Un años después, 1888, el gobernador de Illinois determinó que el juicio se había celebrado sin garantías y los tres obreros en prisión fueron liberados. En 1889 la Segunda Internacional en su congreso en París decidió dedicar el día 1 de mayo a los trabajadores  en recuerdo y honor a los “mártires de Chicago”.

España fue uno de los primeros países en decretar la jornada laboral de ocho horas después de la huelga de la Canadiense en Barcelona, aunque durante la dictadura de Primo de Rivera (1923-1930) y la dictadura de Franco (1939-1977) se prohibió la celebración del 1 de mayo.

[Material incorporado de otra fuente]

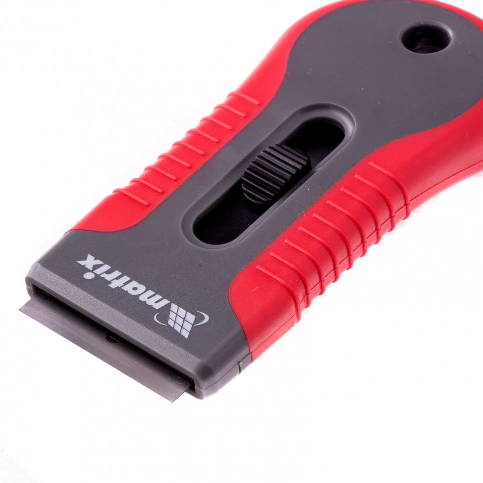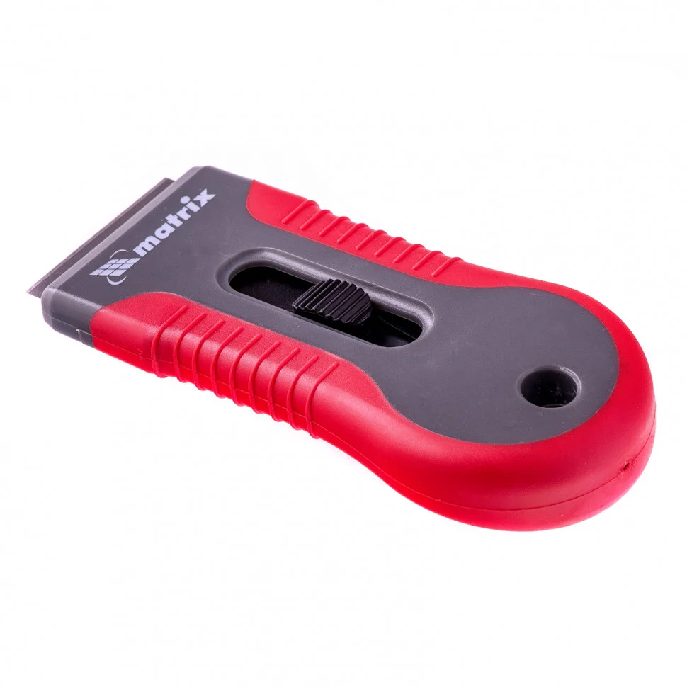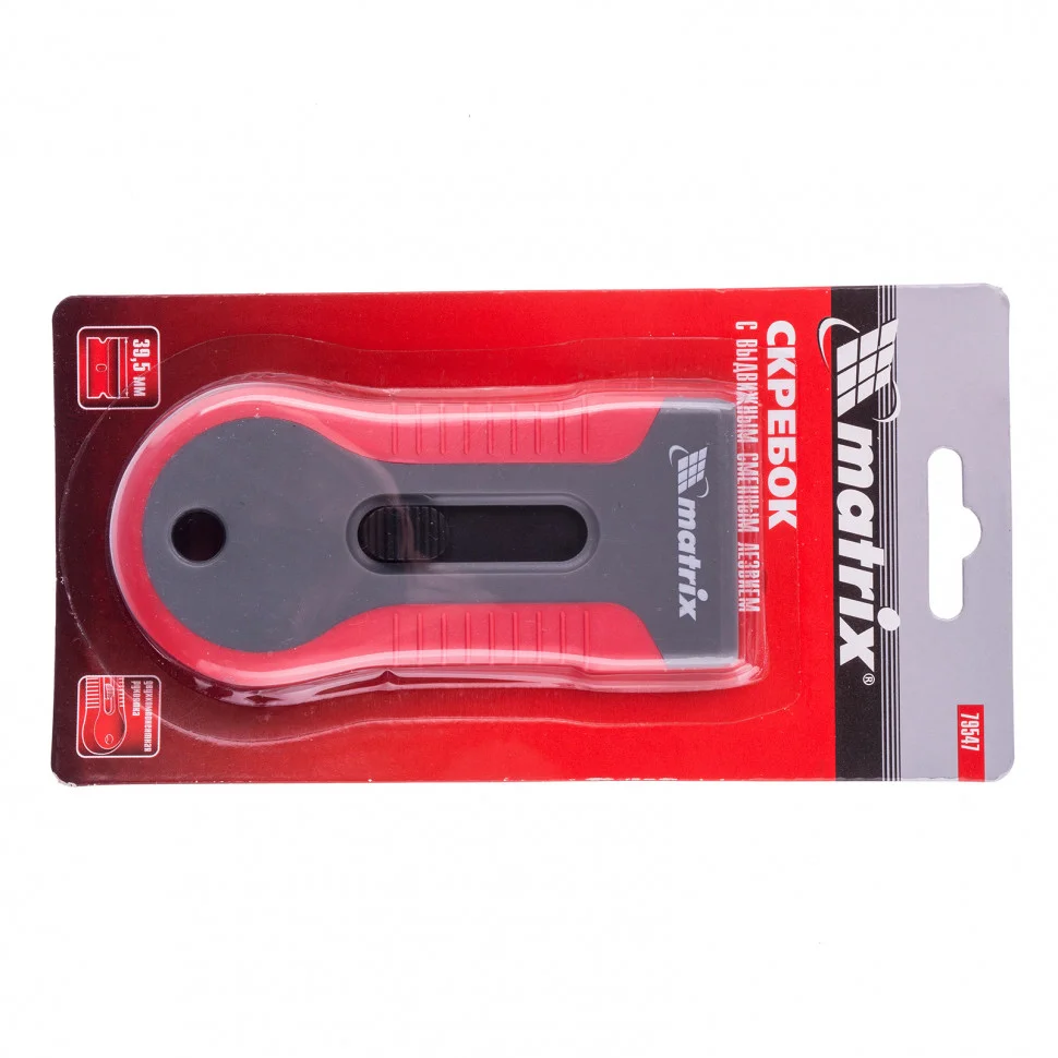 Скребок Matrix 79547 с двухкомпонентной рукояткой и выдвижным сменным лезвием упрощает удаление старых лакокрасочных покрытий, остатков строительных смесей и других загрязнений. Подходит для очищения стеклянных и керамических поверхностей, а также затирки и выравнивания швов. В нерабочем положении лезвие скрыто в корпусе, поэтому инструмент безопасен во время хранения и транспортировки. Скребок пригодится мастерам по ремонту и отделке, а также будет полезен в быту.ПреимуществаМеталлическое лезвие из углеродистой стали обладает высоким ресурсом работоспособности.Прочный пластиковый корпус рассчитан на длительное использование.Съемное лезвие можно заменить в случае износа.На корпусе имеются прорезиненные вставки, поэтому инструмент не выскальзывает из ладони.

El primero de mayo ha sido históricamente un día muy reivindicativo donde los trabajadores mostraban toda su fuerza. Sin embargo, cuando más protagonismo obtuvo fue después de la II Guerra Mundial por la existencia de la Unión Soviética y la fortaleza de los partidos socialistas y comunistas en Europa. Hasta el Vaticano se vio obligado a celebrar este día y en 1954 el Papa Pío XII promulgó el 1 de mayo como día de San José Obrero.

Todas las conquistas laborales han costado sangre, sudor, lágrimas y vidas de trabajadores. Por ello es tan importante saber de dónde venimos para saber a dónde debemos ir.

¡Que los vientos de lucha de Mayo de 1886 resuenen en nuestro siglo! ¡Viva el primero de mayo!